After watching an episode of Alton Brown’s Good Eats last night and the recent talk in the news about sushi and fish population depletion, I thought I would take on a less pop culture topic this week and get a little into the politics of sustainable fish. You may be asking yourself what this has to do with anything classical, but I promise you it has as much to do with the Ancient Greeks as it does the modern sushi trend. First let us look at the problem. Alton Brown lays the problem out pretty clearly in his Good Eats episode The Once and Future Fish (see it here). To sum up the problem though, we, humans, like to eat big meaty fish and we overfish them close to the point of extinction. We need to learn to eat smaller more common fish, something the Romans were actually fairly good at.

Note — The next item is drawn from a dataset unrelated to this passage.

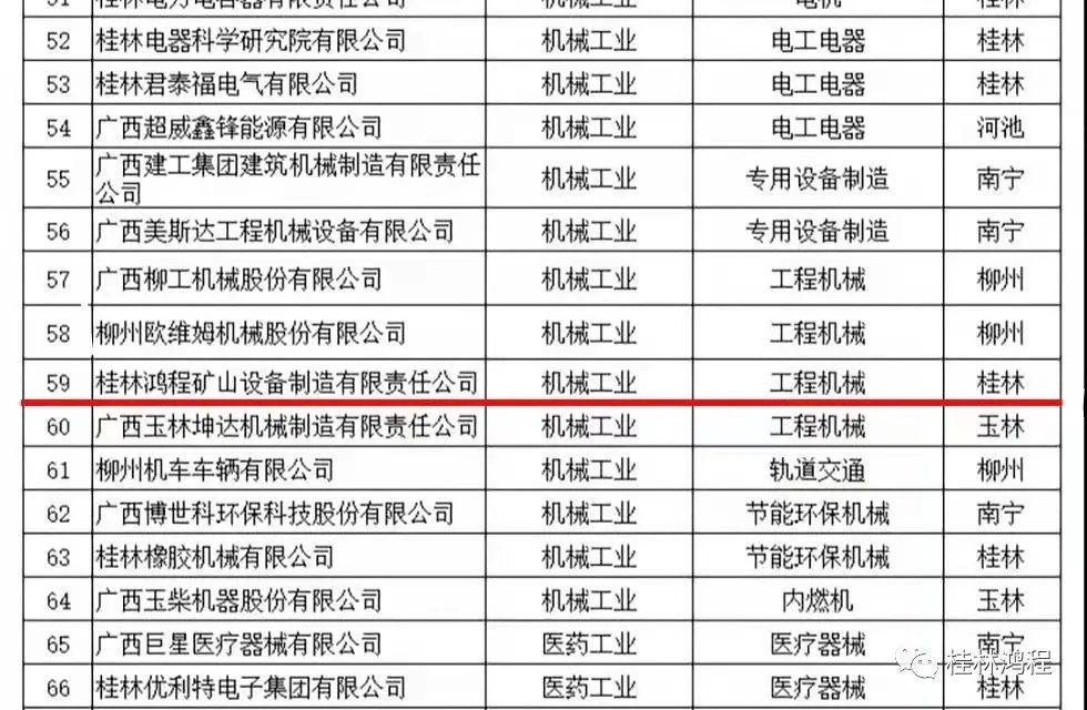 近日,自治区工业和信息化厅公布第一批广西工业龙头企业名单,共105家企业入选。其中,鸿程成为桂林21家企业唯一一家工程机械行业上榜企业。

The depletion of fish populations around the world has been in the news often in the last two years, but it has not caught on as a popular cause yet (you know those popular causes that get beaten to death on college campuses across the nation). Actually it is quite the opposite. Sushi’s rise in popularity especially across college campuses in the US has led to even higher consumption of fish. The BBC reported that a record was set in 2011 for global fish consumption at 17 kg per person per year (for us Americans that’s 37lbs). For comparison the US estimated 57lbs of beef consumed per person per year in 2011. The same BBC article reports, “85% of global fish stocks are over-exploited.”

So again you are asking me what this has to do with the Ancient world. Thank you for staying with me. Here is the payoff. The same thing happened in Ancient Greece! In fact, the Ancient Greeks fished tuna (Greek: Thunnos) to near extinction.  In a great lecture at Temple University when I was there a couple of years ago, Dr. Daniel Levine spoke about the overwhelming popularity of tuna in Ancient Greece and the over fishing of these tuna. It was such a popular food source that even Aristotle mapped out the migration patterns of the fish. The tuna was linked to the god Poseidon and prayers were offered to him by fisherman. Lastly, an important link to today’s problem, the Ancient Greeks fished with large nets which caught not only mature fish, but young fish. This is the problem today. Many fish not suitable for markets are dying instead of remaining in the sea and reproducing.